Pinning goroutines into specific cores

Introduction

Efficient CPU core and thread management are pivotal in concurrent programming for high performance and scalability. This blog post examines the goroutine-locker repository, highlighting its utility in scenarios where pinning threads to specific cores is beneficial, akin to strategies employed in high-performance databases like ScyllaDB.

The Shard-Per-Core Concept in ScyllaDB

ScyllaDB, a leading NoSQL database, utilizes a shard-per-core architecture. Each CPU core is assigned a shard/thread, facilitating lock-free data structure development. This approach enhances CPU cache usage and scalability, as cores operate independently, reducing race conditions and mutex lock dependencies.

Goroutine-Locker: Enhancing Go's Concurrency

The goroutine-locker repository adopts a similar principle, binding goroutines to specific CPU cores. This is particularly advantageous for:

1. Maximizing CPU Cache Efficiency: Consistent execution on the same core improves cache hit rates, reducing latency from cache misses.
2. Minimizing Context Switching: Core-bound threads reduce context switching overhead, enhancing performance in CPU-intensive tasks.

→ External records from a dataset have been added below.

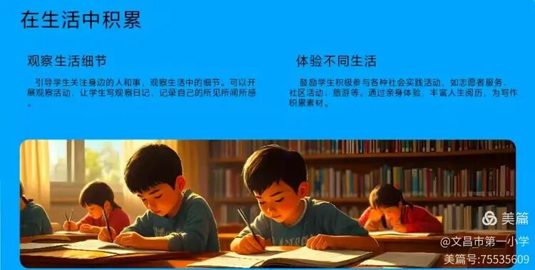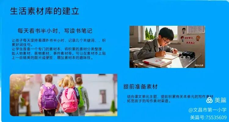 写作,素材的积累特别重要,云老师建议双管齐下:鼓励孩子阅读时积累好词好句,组织学生读书分享会交流积累;引导学生观察身边细节,鼓励参与校园运动会、社区志愿服务等活动,用“观察日记”记录所见所感,并准备专属素材本分类整理,确保写作时有“活内容”可写。
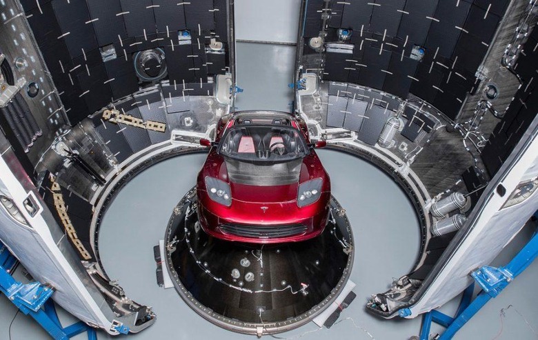Earlier this month, Elon Musk teased that the upcoming first launch of SpaceX's Falcon Heavy rocket would feature a test payload that includes his own Tesla. Now he's back with the proof, sharing several photos on Instagram of the car being prepped and loaded into the payload container that will sit atop the rocket. Musk, the CEO of both Tesla and SpaceX, has previously said they wanted to come up with something really silly for the first Falcon Heavy launch, and it appears they've met the challenge.
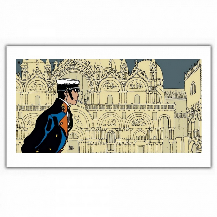 Cette affiche offset d'art dérivée de la bande dessinée Corto Maltese de Hugo Pratt est imprimée sur un papier d'art de qualité estampe pigmentaire. Edition limitée à 500 exemplaires avec certificat d'authenticité numéroté. 60x35cm. Histoire.
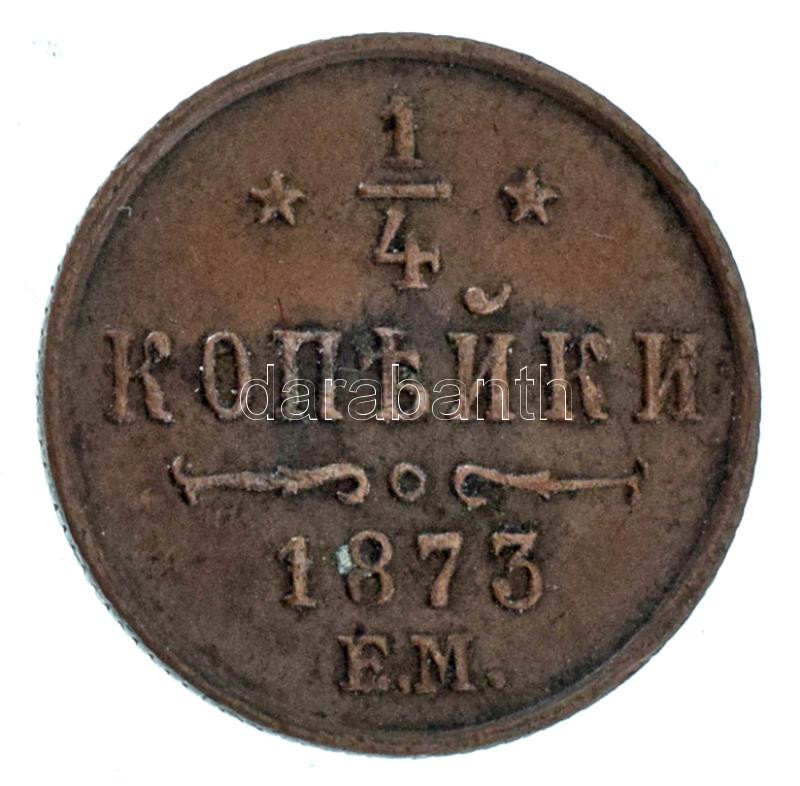 Orosz Birodalom 1873EM 1/4k Cu "II. Sándor" T:XF patina / Ru... https://www.darabanth.com/hu/475-Gyorsarveres/475.0/Numizmatika/Kulfoldi-fem-es-ezustpenzek~2000017/Orosz-Birodalom-1873EM-14k-Cu-II-Sandor-TXF-patina-Russian-Empire-1873EM-14-Kopeck-Cu-Alex~II3226329
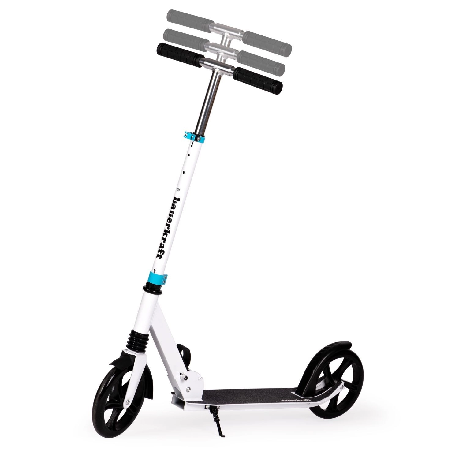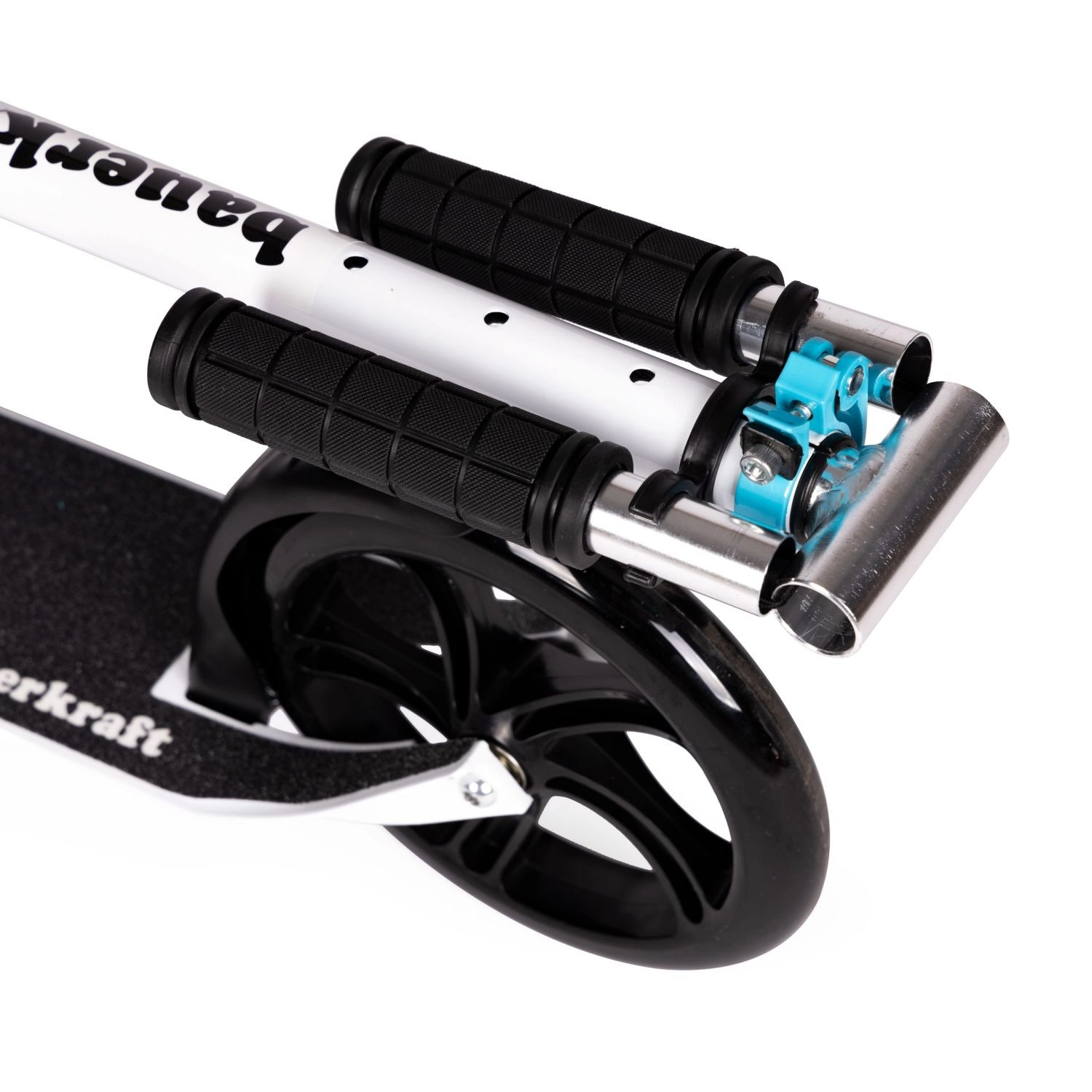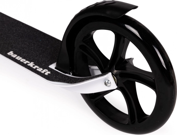 - Grandes roues de 200 mm pour la stabilité et la vitesse sur l’asphalte et les pistes cyclables
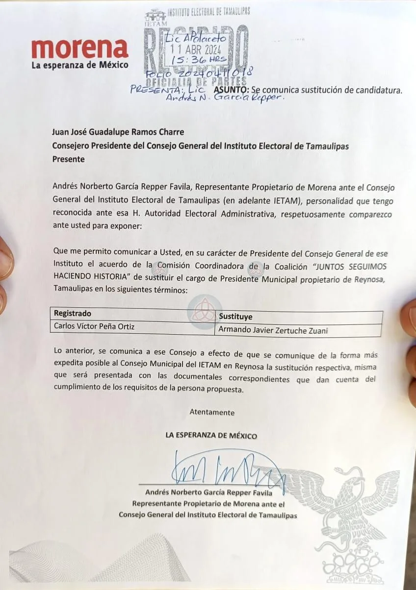 En breve entrevista, García Repper, indicó que iban a comunicar a la dependencia electoral la sustitución de candidatura, «y será Armando Zertuche, quien a partir de que lo apruebe el IETAM, será nuestro candidato a la alcaldía de Reynosa».
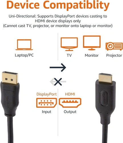 Amazon Basics DisplayPort to HDMI Cable, 3FT
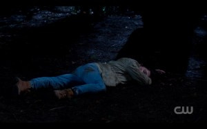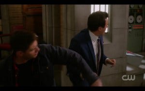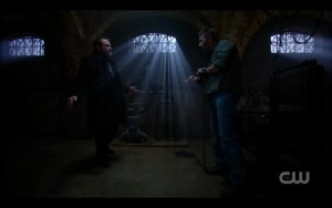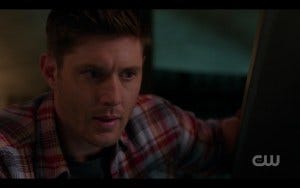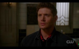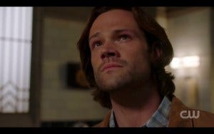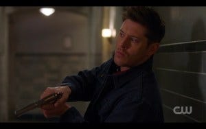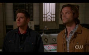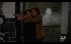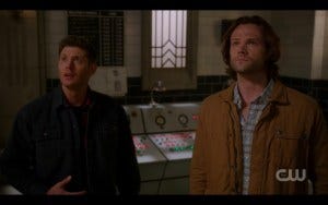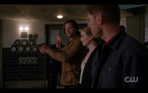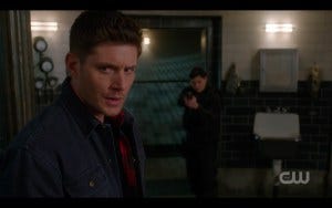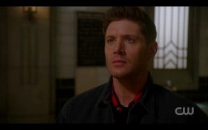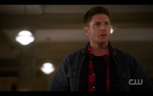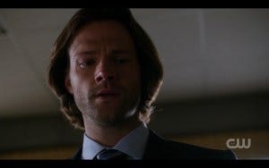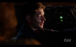There were some things I liked. As someone in the room pointed out, the episode did not lose my attention the entire time. I was not bored, though sometimes that lack of boredom was more incredulity than anything. But the acting and the directing, and yes, some of the writing too, certainly kept me watching. I thought all the actors did a great job with what they were given – Jared especially brought a lot of emotion with his portrayal of Sam’s reaction to Eileen’s death. In almost no time and with almost no lines, Jared was able to show us the depth of Sam’s grief over losing Eileen, which I so appreciated. Jensen didn’t have lines about it either, but his expression of grief and later his clear concern for Sam’s grief were right there on his face.
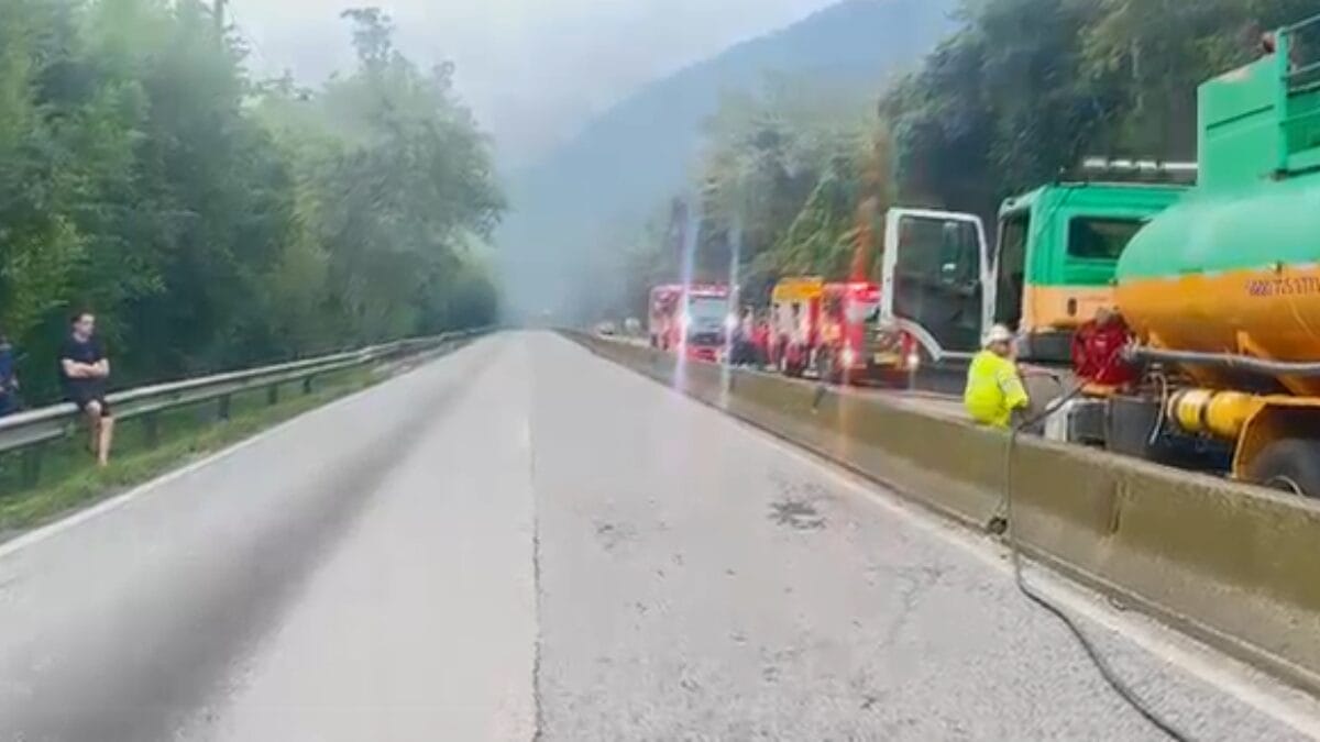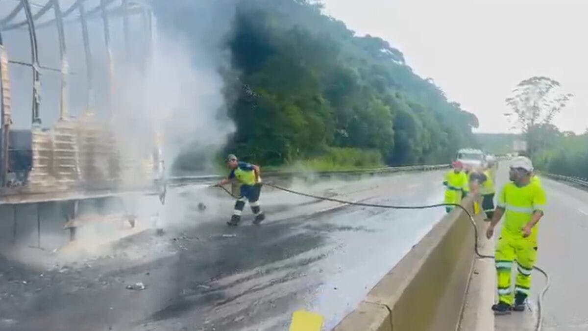 A fumaça era visível a quilômetros de distância, assustando quem estava parado na fila. Por causa do incêndio, os dois sentidos da rodovia foram bloqueados. Às 19h42min, uma faixa do sentido Sul foi liberada, conforme a Arteris Litoral Sul, concessionária que administra o trecho. Por volta das 21h05min, a faixa da esquerda no sentido Norte foi liberada.
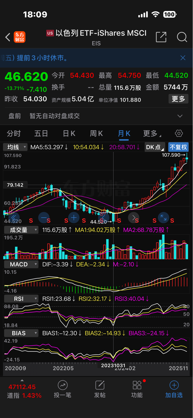2023年10月7日的冲突开始,伴随着以色列iShsre MSCi 跌到谷底46左右。但是随后从最低点反弹,两年多的冲突持续时间,以色列股票指数一直持续上涨,至目前其指数达到101,最高107,是冲突爆发时的2.3倍!
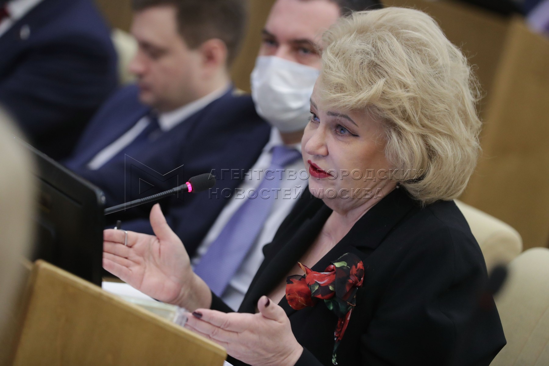 Член Комитета по просвещению Лариса Тутова во время пленарного заседания Госдумы ...
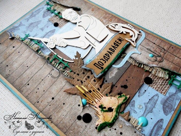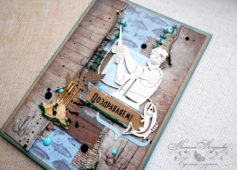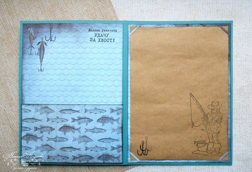 Первая — мужская! На день рождения для молодого мужчины, увлеченного рыбалкой. Формат А5! С кармашком под денежный подарок.

How Goroutine-Locker Works: A Step-by-Step Guide

1. Initialization: The process begins with the NewCoreManager function in cpu.go, which initializes the CoreManager. This manager creates a Core for each CPU core on the system, with each Core having its task queue and goroutine counter.
2. Task Assignment: Tasks are assigned to cores, with each task being queued up in the respective Core's task queue.
3. Goroutine Creation and Binding: For each task, a goroutine is created. The lock_thread function from cpuaffinity.c is then called to bind this goroutine to the designated CPU core. This binding is crucial for ensuring that the goroutine consistently runs on its assigned core.
4. Executing Tasks: The goroutines execute their assigned tasks while being confined to their specific cores, optimizing CPU cache usage and reducing context switching.

Benchmark Analysis

With goroutine-locker

• Total Duration: 2.741806793 seconds
• Core Utilization:
  • CPU 0: 7 kernel threads, 250,000 goroutines
  • CPU 1: 5 kernel threads, 250,000 goroutines
  • CPU 2: 6 kernel threads, 250,000 goroutines
  • CPU 3: 0 kernel threads, 0 goroutines
• Total Kernel Thread Count: 18

Without goroutine-locker

• Total Duration: 246.083667 milliseconds
• Total Kernel Thread Count: 6

Analysis and Implications

The benchmarks reveal a significant difference in execution time and kernel thread count when using the goroutine-locker package. While the total duration is longer with the package, it demonstrates a more balanced and dedicated use of CPU cores. This can be particularly beneficial in scenarios where consistent and isolated CPU performance is critical.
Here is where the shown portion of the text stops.